§ **WORK INSTRUCTIONS**:
Set the data down exactly as it stands, and keep its pictures out.

___ DATA SEGMENT ___

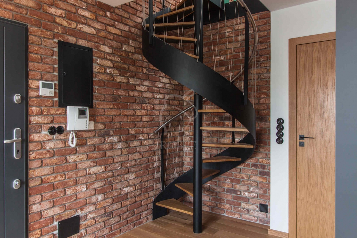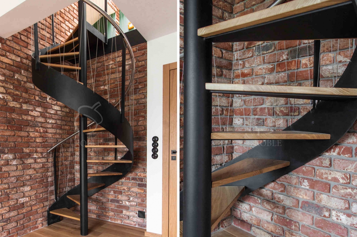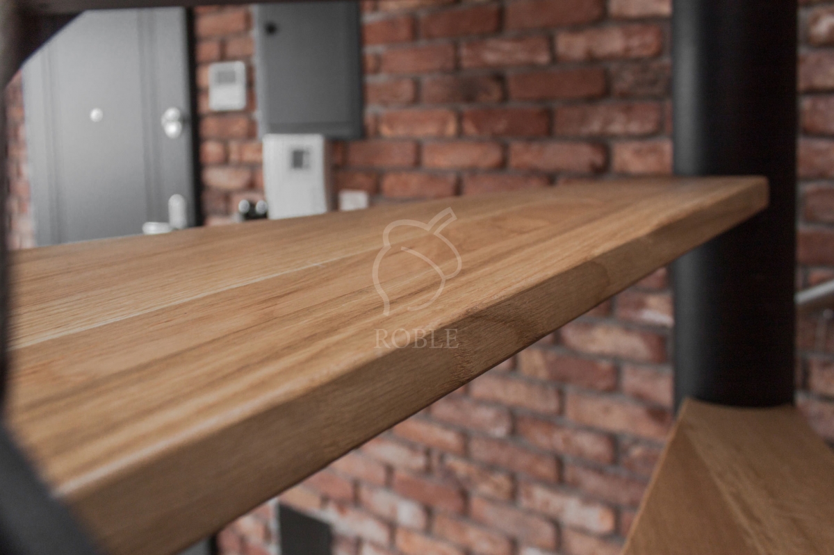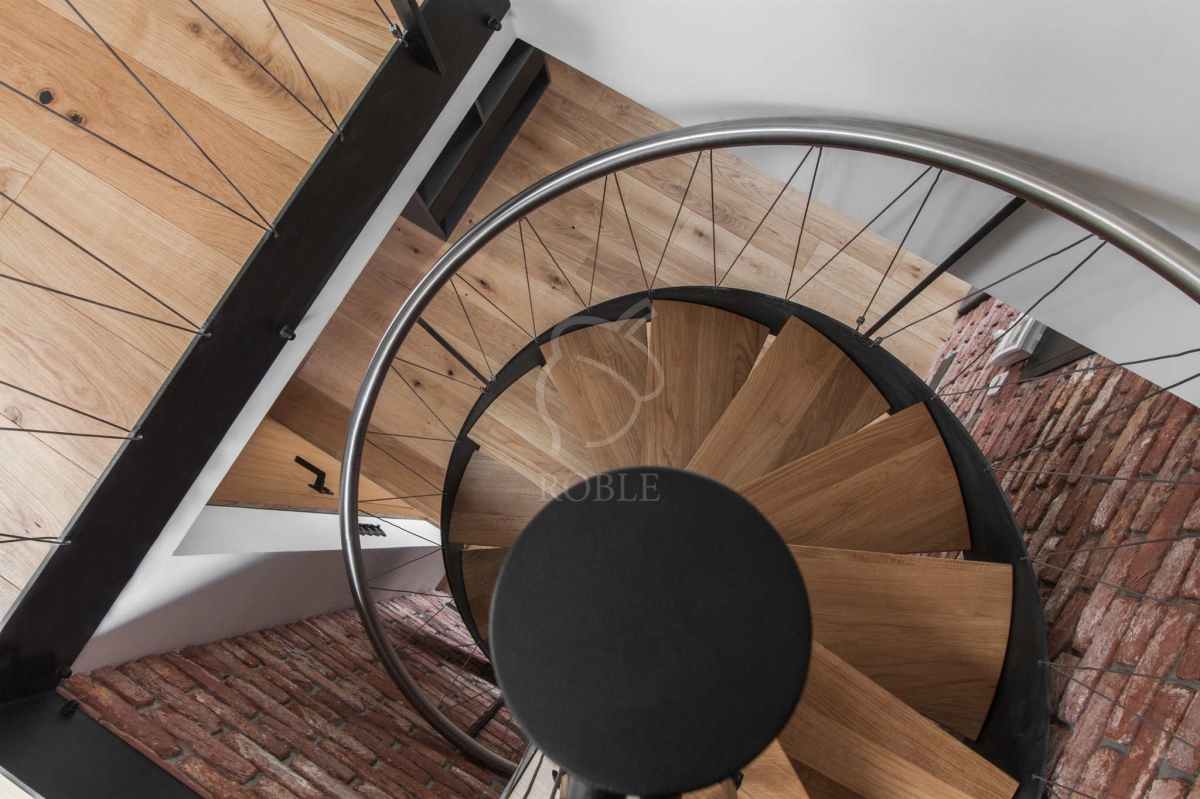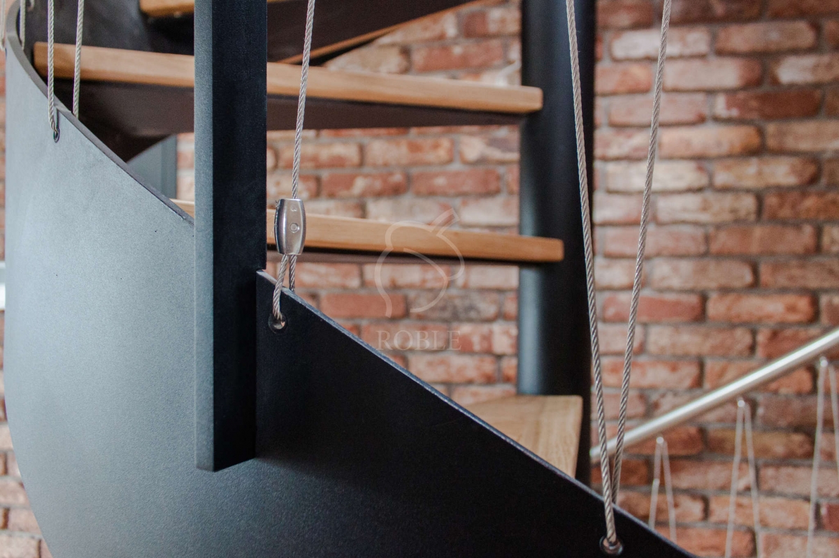 Roble Schody Spiralne SR34 | Stopień: dąb odcień naturalny | Grubość stopni: 4cm | Konstrukcja policzków ze stali | Balustrada: stalowa + relingi
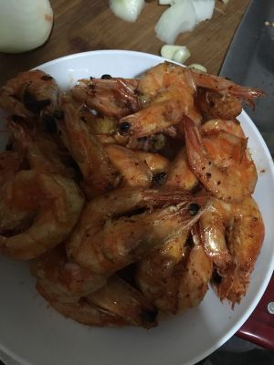 大虾去虾须,虾线,背后侧刀开口,洗干净,控水。锅烧油到八成热,放大虾翻炒,油最好多放些,以便大虾香脆。
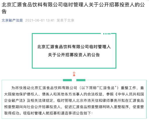 同年6月,北京破产法庭发布了一则公告,对汇源食品启动预重整,而北京汇源食品饮料有限公司是汇源果汁旗下的核心资产,也是汇源果汁的运营方。
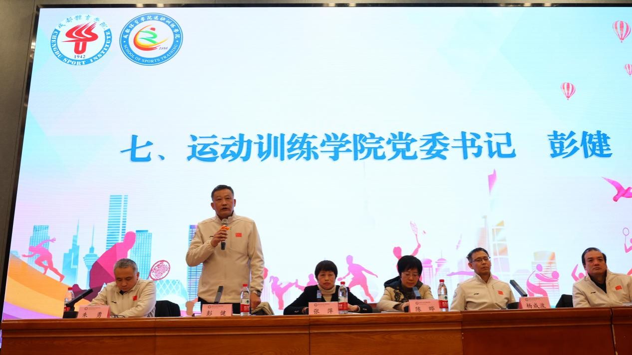 彭健书记对全体教练员和所有运动员的付出与努力表示了高度肯定与赞赏,对之前取得的优异成绩表达了衷心感谢与热烈祝贺。并就进一步持续推进学院竞赛工作高质量开展提出要求。他强调,要提高政治站位,思想自觉、政治自觉、行动自觉。要坚持高标准、严要求,有序推动竞赛工作落细落实,精心营造出浓厚的体育育人氛围。要始终坚持问题导向,总结经验、补齐短板、守正创新,更好地展示我院教学成果,展现学院师生奋发向上、斗志昂扬的精神风貌,进一步彰显运动训练学院的特色与风采。

___

§ **RESULT OF THIS EXERCISE**:
 Roble Schody Spiralne SR34 | Stopień: dąb odcień naturalny | Grubość stopni: 4cm | Konstrukcja policzków ze stali | Balustrada: stalowa + relingi
 大虾去虾须,虾线,背后侧刀开口,洗干净,控水。锅烧油到八成热,放大虾翻炒,油最好多放些,以便大虾香脆。
 同年6月,北京破产法庭发布了一则公告,对汇源食品启动预重整,而北京汇源食品饮料有限公司是汇源果汁旗下的核心资产,也是汇源果汁的运营方。
 彭健书记对全体教练员和所有运动员的付出与努力表示了高度肯定与赞赏,对之前取得的优异成绩表达了衷心感谢与热烈祝贺。并就进一步持续推进学院竞赛工作高质量开展提出要求。他强调,要提高政治站位,思想自觉、政治自觉、行动自觉。要坚持高标准、严要求,有序推动竞赛工作落细落实,精心营造出浓厚的体育育人氛围。要始终坚持问题导向,总结经验、补齐短板、守正创新,更好地展示我院教学成果,展现学院师生奋发向上、斗志昂扬的精神风貌,进一步彰显运动训练学院的特色与风采。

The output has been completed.